• [What you need to do]
The full listing, returned exactly and free of pictures, is the expected answer.

• [Data]

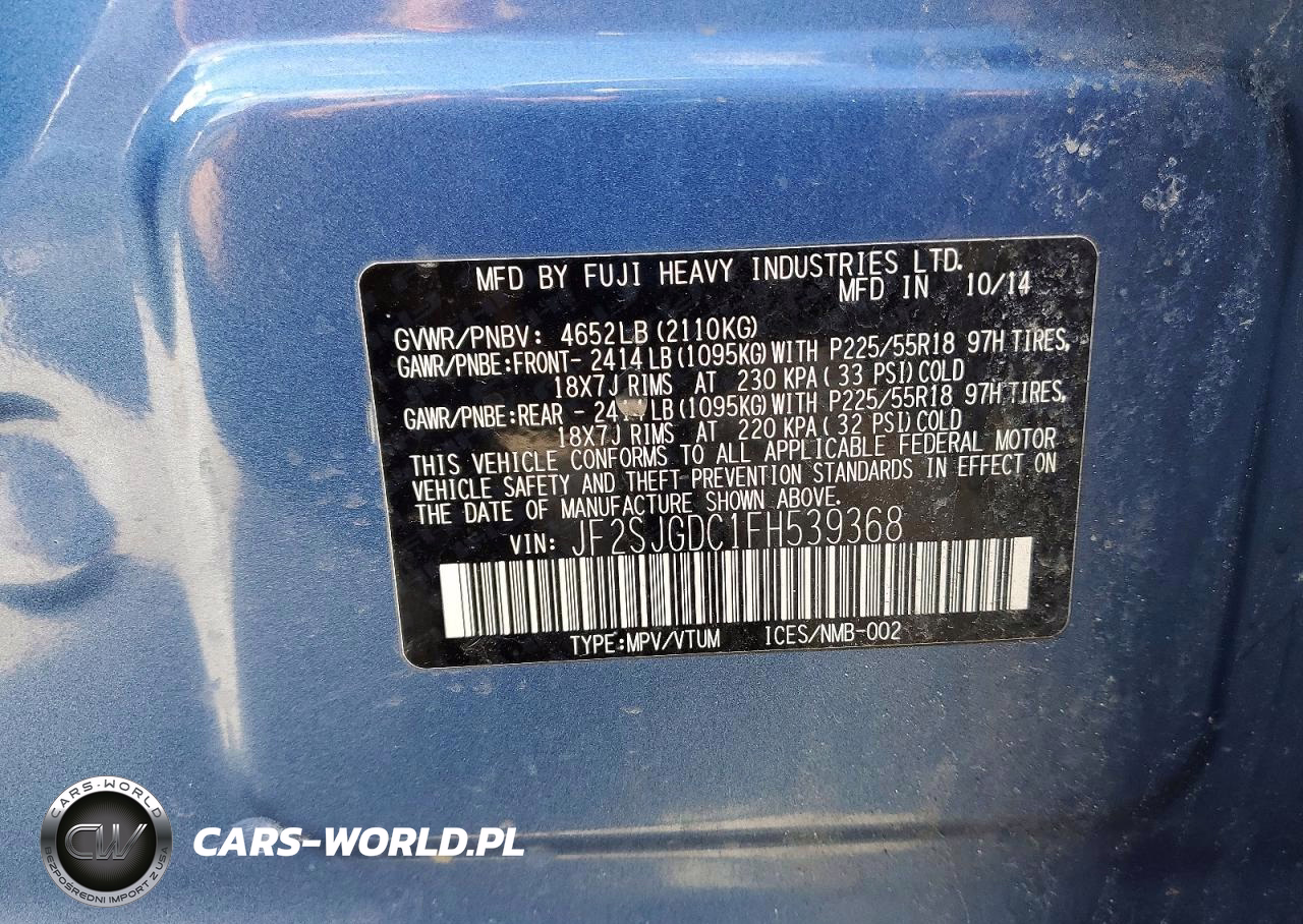 Copart Nr: C-48968936 VIN: JF2SJGDC1FH539368 Port: Elizabeth, NJ
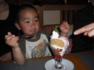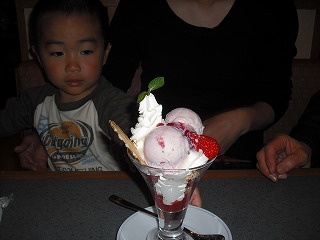 お昼ご飯を食べに行ってもまだご機嫌斜めでしたらイチゴパフェでご機嫌さんです
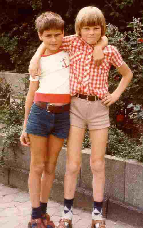 By the 1970s shorts had become increasingly rare anong older teenagers, but younger boys still commonly wore them--although more on a seasonable basis. Shorts were increasing;y being worn for casual wear. Casual shorts for play were made in various material. Denim became very popular. Boys wore quite short shorts in the 1970s. Little boys still wearing shorts during the winter might be dressed in long over the knee stockings or in beginning in the 1950s, tights. Some boys would wear them for warmth under long pants. Most German boys like other boys in Western Europe wanted jeans. The change was a slower in Communist Eastern Germany (DDR). But East Germany received West German (BRD) television and fashion easily breeched the Iron Curtain. By the time that the Berlin Wall fell, German boys were dressing in the indestinguishable pan-European styles. The West German boys were a bit more stylish as their parents had more money, but the same styles were commonly worn on both sides of the Wall. Lederhosen became popular for younger boys. Sneakers became increasingly popular, but open-toed sandals were widely worn. German boys commonly wore their sandals with socks--often dark or paterned ankle socks.
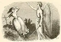 After her adoptive mother becomes ill and passes away, Karen doesn't attend her funeral, choosing to go to a dance instead. Once again, the red shoes take control; this time, she is unable to stop dancing. An angel appears to her, bearing a sword, and condemns her to dance even after she dies, as a warning to vain children everywhere. Karen begs for mercy, but the red shoes take her away before she hears the angel's reply.
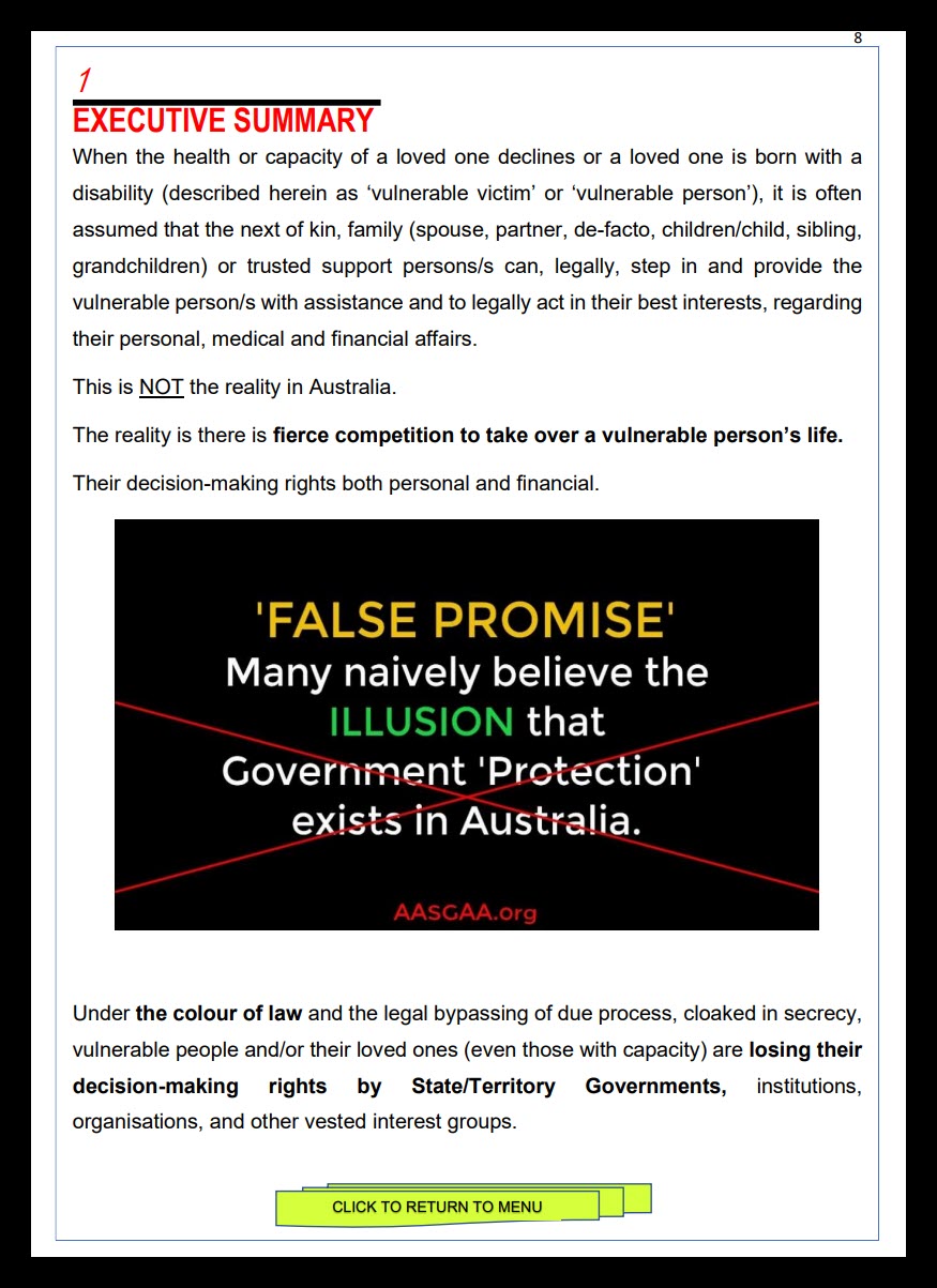 We highlight and inform Australians about how the system can easily victimise and abuse vulnerable people under guardianship and administration. We also discuss how elder abusers, institutional and individual abusers, can navigate the guardianship system and exploit the vulnerable to their advantage.
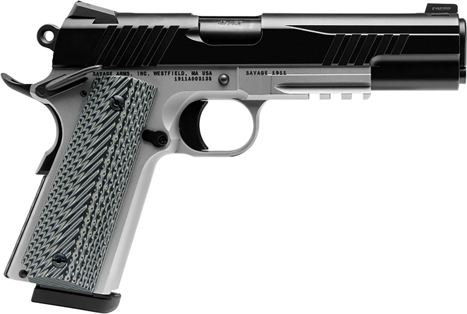 Arm yourself with the Savage Arms Savage 1911 .45 ACP Pistol. It is single action with an 8-round capacity. The barrel with a matte black finish is 5-inches long, and it is equipped with Novak Lo-Mount tritium night sights. The ambidextrous thumb safety finishes off the design.
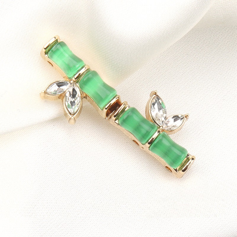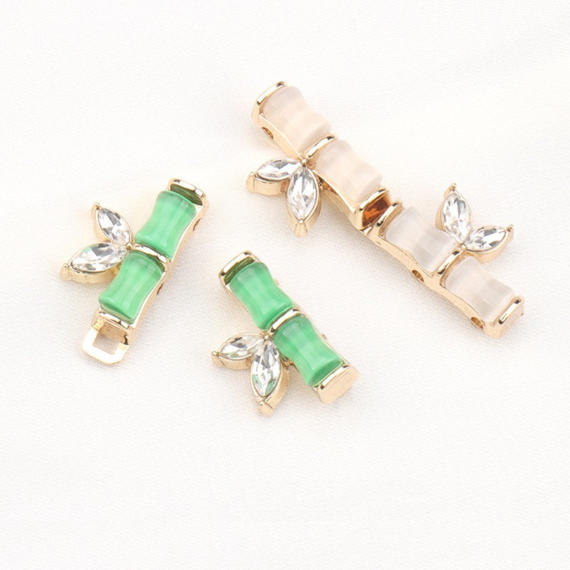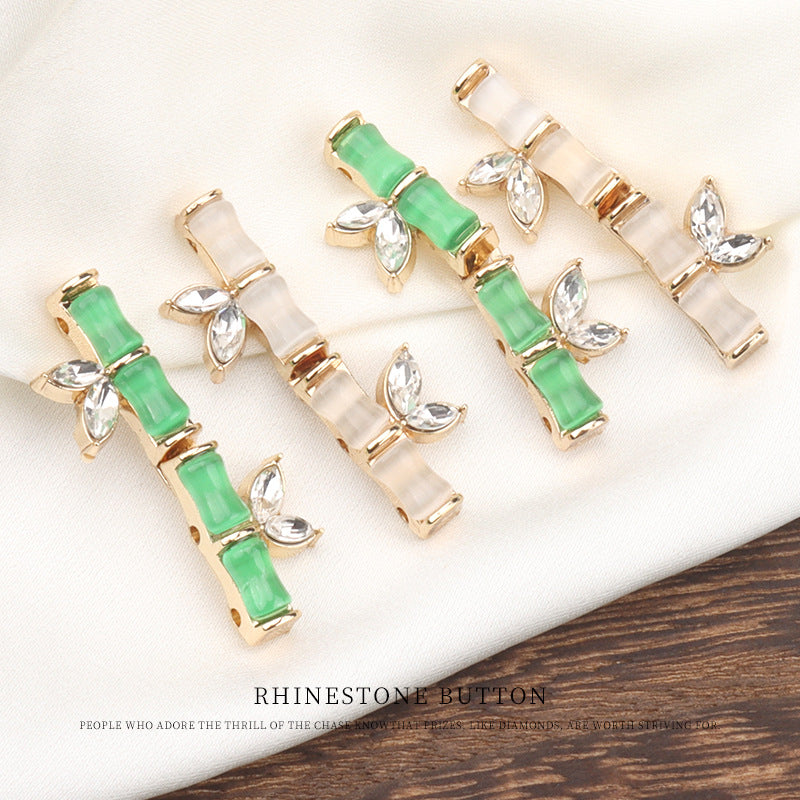 31mm čínské stylové knoflíky z pryskyřice, kovu a diamantů s bambusovým spojem pro Qipao, Hanfu, ručně přišívané knoflíky symbolizující vzrůstání, 4 ks
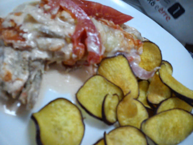 Hoje, e mais uma vez com a inspiração da minha Titá e dos seus bifes lá no nosso grupinho, resolvi aproveitar umas fatias de carne assada e saíram estes deliciosos bifes à la Titá acompanhados de chips de batata doce!

• [Answer for the task]
 Copart Nr: C-48968936 VIN: JF2SJGDC1FH539368 Port: Elizabeth, NJ
 お昼ご飯を食べに行ってもまだご機嫌斜めでしたらイチゴパフェでご機嫌さんです
 By the 1970s shorts had become increasingly rare anong older teenagers, but younger boys still commonly wore them--although more on a seasonable basis. Shorts were increasing;y being worn for casual wear. Casual shorts for play were made in various material. Denim became very popular. Boys wore quite short shorts in the 1970s. Little boys still wearing shorts during the winter might be dressed in long over the knee stockings or in beginning in the 1950s, tights. Some boys would wear them for warmth under long pants. Most German boys like other boys in Western Europe wanted jeans. The change was a slower in Communist Eastern Germany (DDR). But East Germany received West German (BRD) television and fashion easily breeched the Iron Curtain. By the time that the Berlin Wall fell, German boys were dressing in the indestinguishable pan-European styles. The West German boys were a bit more stylish as their parents had more money, but the same styles were commonly worn on both sides of the Wall. Lederhosen became popular for younger boys. Sneakers became increasingly popular, but open-toed sandals were widely worn. German boys commonly wore their sandals with socks--often dark or paterned ankle socks.
 After her adoptive mother becomes ill and passes away, Karen doesn't attend her funeral, choosing to go to a dance instead. Once again, the red shoes take control; this time, she is unable to stop dancing. An angel appears to her, bearing a sword, and condemns her to dance even after she dies, as a warning to vain children everywhere. Karen begs for mercy, but the red shoes take her away before she hears the angel's reply.
 We highlight and inform Australians about how the system can easily victimise and abuse vulnerable people under guardianship and administration. We also discuss how elder abusers, institutional and individual abusers, can navigate the guardianship system and exploit the vulnerable to their advantage.
 Arm yourself with the Savage Arms Savage 1911 .45 ACP Pistol. It is single action with an 8-round capacity. The barrel with a matte black finish is 5-inches long, and it is equipped with Novak Lo-Mount tritium night sights. The ambidextrous thumb safety finishes off the design.
 31mm čínské stylové knoflíky z pryskyřice, kovu a diamantů s bambusovým spojem pro Qipao, Hanfu, ručně přišívané knoflíky symbolizující vzrůstání, 4 ks
 Hoje, e mais uma vez com a inspiração da minha Titá e dos seus bifes lá no nosso grupinho, resolvi aproveitar umas fatias de carne assada e saíram estes deliciosos bifes à la Titá acompanhados de chips de batata doce!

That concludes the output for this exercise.